The military had begun planning a rescue just days after 3,000 Iranian students overran the American Embassy on November 4, 1979, and took the staff hostage. Round after round of secret negotiations with the Iranians fell apart. The Islamic Republic preferred to use the hostage issue as an embarrassment for the administration of President Jimmy Carter. The 53 hostages would eventually be held for 444 days.
The plan was to drop 132 Delta Force soldiers on a spot in the Iranian desert. Lift them by helicopter to hiding spots sprinkled around the capital city of Tehran. They would then storm the American Embassy and rescue the 53 hostages and fly everyone to safety.
This was the first time Delta Force, the elite Army counterterrorism unit, would be used. The mission fell apart because of a sandstorm at the Desert One site. The end result was the loss of 8 service members, 7 helicopters, a C-130 aircraft, and they had not even made contact with the enemy. The mission was a complete disaster.

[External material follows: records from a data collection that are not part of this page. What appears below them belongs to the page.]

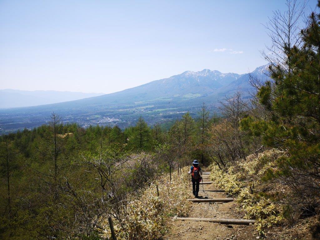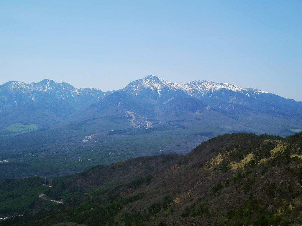 I has some a great side view of Yatsugatake during the ten-minute ride to Hirasawa pass (平沢峠); although the surrounding countryside was bright green, the higher reaches of this ancient volcano were still of a brilliant white. Before starting my hike, I checked out the rocky formation of Shishi-iwa (しし岩 meaning lion rock); standing on the highest rock, I could see the Minami Alps to the south. After a short climb, I passed the flat summit of Mt Hirasawa (平沢山 1653m), from where it was a mostly an easy, level walk to a trail junction. I went left and after a short climb, arrived at the exposed and windy peak of Mt Hiramori (平盛山 1643m).
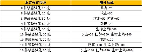 通过将装备强化至指定强化状态,可激活强化套装属性,强化套装考验的是玩家装备综合强化等级,通过提升整体强化等级激活更高阶的强化套装属性才能获得更高的角色战力。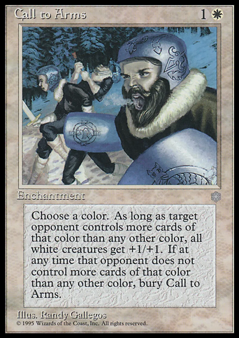 | Oracle Text | As Call to Arms enters the battlefield, choose a color and an opponent. White creatures get +1/+1 as long as the chosen color is the most common color among nontoken permanents the chosen player controls but isn't tied for most common. When the chosen color isn't the most common color among nontoken permanents the chosen player controls or is tied for most common, sacrifice Call to Arms. | ||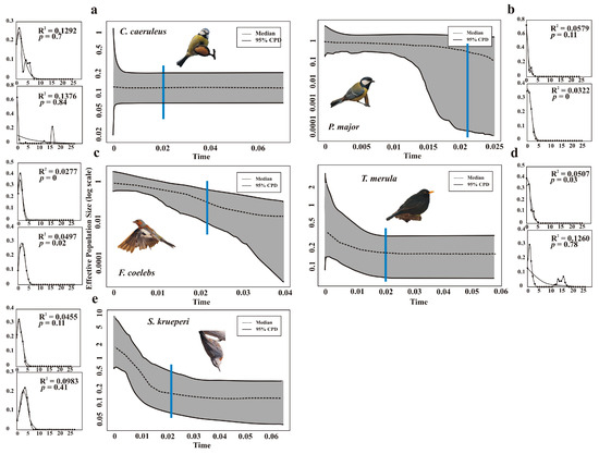 Extended Bayesian Skyline Plots (EBSPs) based on COI and ND2 of Anatolian populations of the five species included in this study: (a) Eurasian blue tit; (b) great tit; (c) Eurasian chaffinch; (d) Eurasian blackbird; (e) Krüper’s nuthatch. Median estimates of effective population size (Ne) are given. The dotted line and the grey area delimit the 95% central posterior density (CPD) intervals. The x-axis represents time from the present in million years (Myr), while the blue line indicates the Last Glacial Maximum. Panels on the left evidence mismatch distributions to expected frequencies under the demographic expansion model (top: COI; bottom ND2).

Secretary of State Cyrus Vance immediately resigned in protest. The failure of this mission, Operation Eagle Claw, would be a prime motivator in the subsequent formation of the US Special Operations Command.
In the post Vietnam era, the U.S. military had suffered a decade of neglect. In the summer of 1980 the Republican Party would adopt the Peace Through Strength Resolution which outlined the historic strategic and conventional moderization program which would be enacted in the next decade.
Ronald Reagan campaigned on a Peace Through Strength pledge and was elected in November of that year. Military pay, equipment, combat readiness and moral improved significantly, and in his memoirs, Jimmy Carter admitted his decision to reduce the Pentagon budget was wrong.